Maximum Gaussianality training for deep speaker vector normalization

Cai, Yunqi and Li, Lantian and Abel, Andrew and Zhu, Xiaoyan and Wang, Dong (2024) Maximum Gaussianality training for deep speaker vector normalization. Pattern Recognition, 145. 109977. ISSN 0031-3203 (https://doi.org/10.1016/j.patcog.2023.109977)

[thumbnail of Cai-etal-PR-2023-Maximum-Gaussianality-training-for-deep-speaker-vector-normalization] Text. Filename: Cai_etal_PR_2023_Maximum_Gaussianality_training_for_deep_speaker_vector_normalization.pdf
Accepted Author Manuscript
Restricted to Repository staff only until 25 September 2024.
License: Creative Commons Attribution-NonCommercial-NoDerivatives 4.0 logo

Download (1MB) | Request a copy

Abstract

Automatic Speaker Verification (ASV) is a critical task in pattern recognition and has been applied to various security-sensitive scenarios. The current state-of-the-art technique for ASV is based on deep embedding. However, a significant challenge with this approach is that the resulting deep speaker vectors tend to be irregularly distributed. To address this issue, this paper proposes a novel training method called Maximum Gaussianality (MG), which regulates the distribution of the speaker vectors.
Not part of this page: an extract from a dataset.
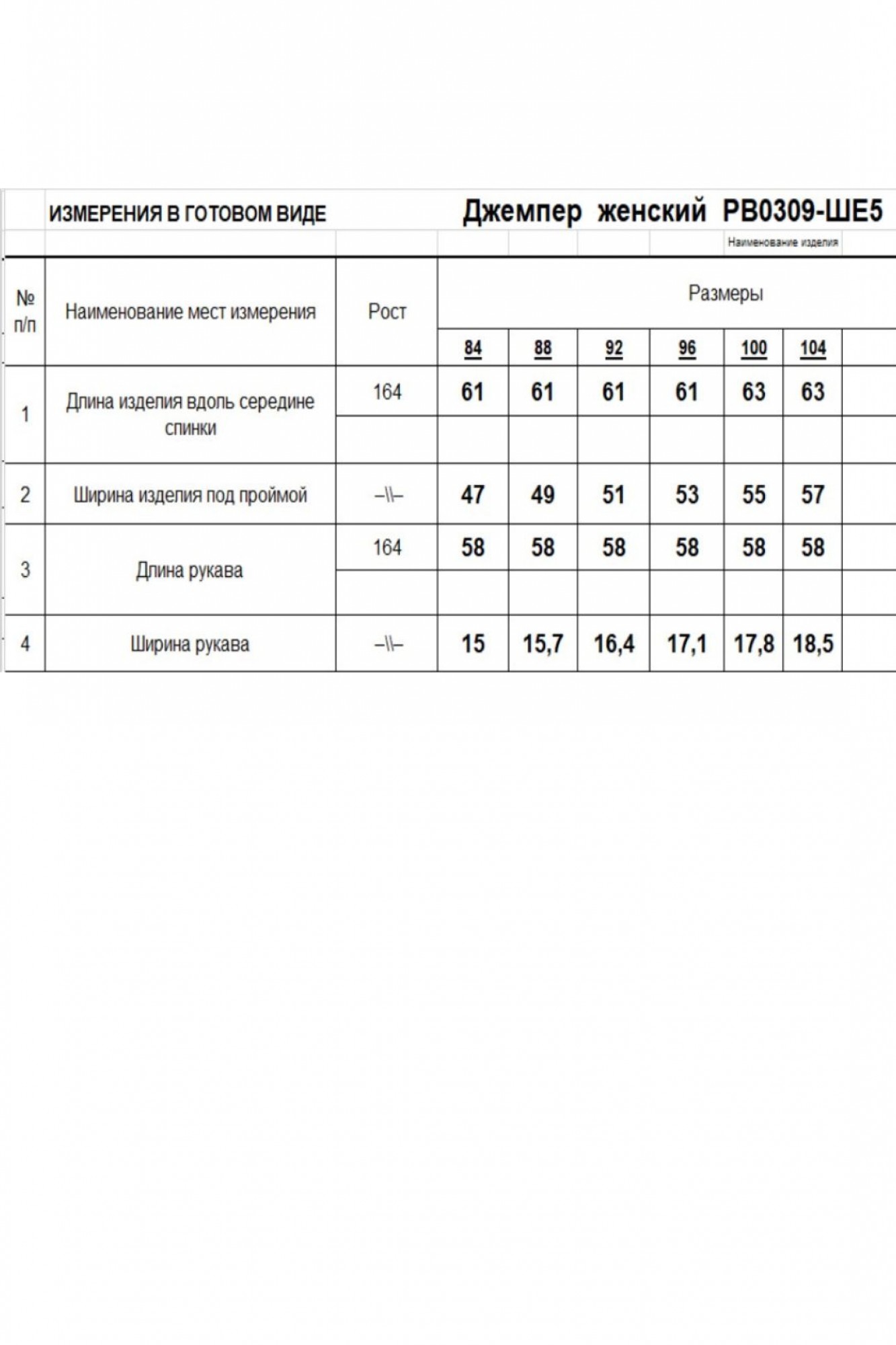 Таблица размеров
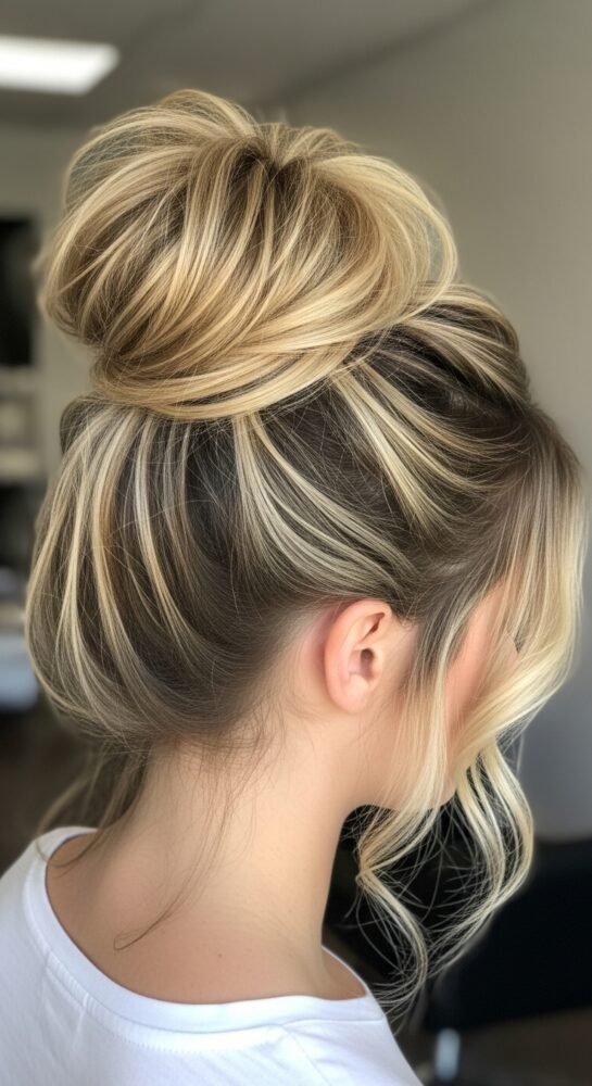 The high-volume messy bun is the ultimate “undone” chic look. It is most successful on medium to long hair that has a bit of natural wave or texture. Flip your hair upside down and gather it into a high ponytail.

Compared to the conventional normalization approach based on maximum likelihood (ML), the new approach directly maximizes the Gaussianality of the latent codes, and therefore can both normalize the between-class and within-class distributions in a controlled and reliable way and eliminate the unbound likelihood problem associated with the conventional ML approach. Our experiments on several datasets demonstrate that our MG-based normalization can deliver much better performance than the baseline systems without normalization and outperform discriminative normalization flow (DNF), an ML-based normalization method, particularly when the training data is limited. In theory, the MG criterion can be applied to any task in any research domain where Gaussian distributions are needed, making the MG training a versatile tool.